O kit completo é gratuito e instalado por parceiros locais, que geralmente atendem áreas demarcadas pela Viasat e fora do alcance de sinal de telefonia móvel. Os equipamentos são fabricados pela Viasat, e o kit é composto de antena e LNB de banda Ka, modem e um transmissor de sinal Wi-Fi, com alcance de até 500 metros, de acordo com o local.
Com o equipamento instalado, os revendedores já podem gerar senhas de acesso de pacotes de dados por hora ou por uso, com custos atuais a partir de 10 pesos por hora no México. A internet é oferecida aos mexicanos pelos satélites em órbita da Viasat, como o Viasat-2, que oferece o serviço com velocidades que podem ultrapassar 50 Mbps. No Brasil, o valor deve ficar entre R$ 2,00 e R$ 3,00 para o acesso de 1 hora.

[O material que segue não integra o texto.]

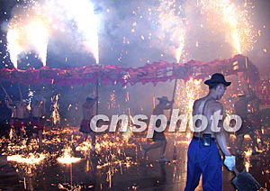 正月十五元宵节,重庆村村点火把,镇镇舞龙灯。在“中国龙灯之乡”铜梁县传统的“火龙”通体透亮,金灿灿的火花在空中飞溅,光闪闪的巨龙在夜空中呼啸起舞,上下翻飞。作者:范卉
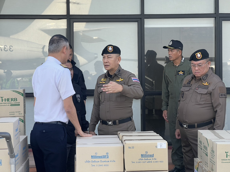 อุปกรณ์บรรเทาทุกข์ที่จัดส่งประกอบด้วยเครื่องอุปโภค–บริโภคอุปกรณ์ส่องสว่างยารักษาโรค และชุดปฐมพยาบาลอุปกรณ์ยังชีพสำหรับผู้ที่ต้องอพยพชั่วคราว โดย ผบ.ตร.ได้สั่งการล่วงหน้าไปก่อนหน้านี่เร่งเข้าช่วยเหลือผู้สูงอายุ เด็กเล็ก และผู้ป่วยติดเตียง รวมถึงรับฟังปัญหาของชาวบ้านโดยตรพ้อมจัดเตรียมพร้อม ฮ.ส่วนกลาง อีก 1 ลำ หากสถานการณ์ขยายตัว

Uma destas comunidades é a vila de Cacalutan, nas montanhas de Nayarit, a algumas horas da cidade de Guadalajara. O vilarejo, com cerca de 450 moradores, foi conectado pela primeira vez em 2018. Antes disso, quem quisesse se conectar a internet ou a uma linha de telefonia precisava viajar para cidades vizinhas.
Uma das moradoras, Ester Garcia Lopez, é dona de um dos poucos comércios locais e passou a ser uma revendedora de Wi-Fi Comunitário. Durante a semana ela vende cerca de 65 senhas de acessos por dia, recebendo um percentual mensal dessas vendas.
Em outra comunidade próxima, Los Mezquites, com cerca de 150 habitantes, as vendas são menores, mas nos fins de semana chegam a atingir mais de 30% dos moradores, com picos de até 50 senhas geradas por dia. Atualmente, eles podem fazer tudo na própria comunidade — desde as tarefas escolares, e-commerce, redes sociais e telemedicina, até ligações e conversas com familiares distantes, que vivem em outros estados ou países, tudo via internet satelital de alta velocidade.
A partir de 2020, a Viasat iniciará o lançamento de uma constelação de 3 satélites de banda Ka, VS-3, com capacidade de 1 terabyte cada, possibilitando velocidades acima de 100 Mbps, o que possibilita streamings de 4K em altíssima definição, entre outras aplicações. O Brasil e todo o continente americano serão os primeiros a se beneficiar desse sinal. Os outros dois satélites seguirão para cobrir Europa, Oriente Médio, África e Ásia e Pacífico, unificados em uma cobertura global.
Isso significa que a população dessas comunidades em qualquer lugar do mundo, por mais distante que estejam, podem fazer uso de seus próprios dispositivos móveis, como smartphones, para se conectarem à rede satelital. Somente no Brasil, por exemplo, estima-se que hajam 220 milhões de smartphones ativos, segundo dados da FGV/EAESP — ou mais de um dispositivo ativo por habitante.
No Brasil
Já foram identificadas cerca de 40 mil comunidades que poderiam ser atendidas pelo Wi-Fi Comunitário no país. São locais com baixa ou nenhuma conectividade de internet e muitos sequer com serviços de telefonia. Com extensões continentais, conectar todos os brasileiros se tornou um desafio, porém nada impossível.
Em Pacaraima (RO), por exemplo, cidade de cerca de 12 mil moradores na fronteira com a Venezuela, a internet via satélite serviu para ajudar na mobilização de esforços federais e estaduais diante da crise humanitária na região com a imigração em massa de refugiados venezuelanos, conectando escolas, postos de saúde e postos de fronteira na cidade. As antenas da Viasat foram instaladas em poucas horas e a cidade se conectou pela primeira vez à internet de alta velocidade.
Assim como Pacaraima, dezenas de milhares de outras comunidades podem se beneficiar de uma solução que ajudará a democratizar a conectividade, algo que foi proposto no país pela PEC 185/15, que coloca o acesso à internet entre os direitos fundamentais do brasileiro. Quando estamos todos conectados, o mundo fica maior e a população mais unida com os mesmos direitos e oportunidades.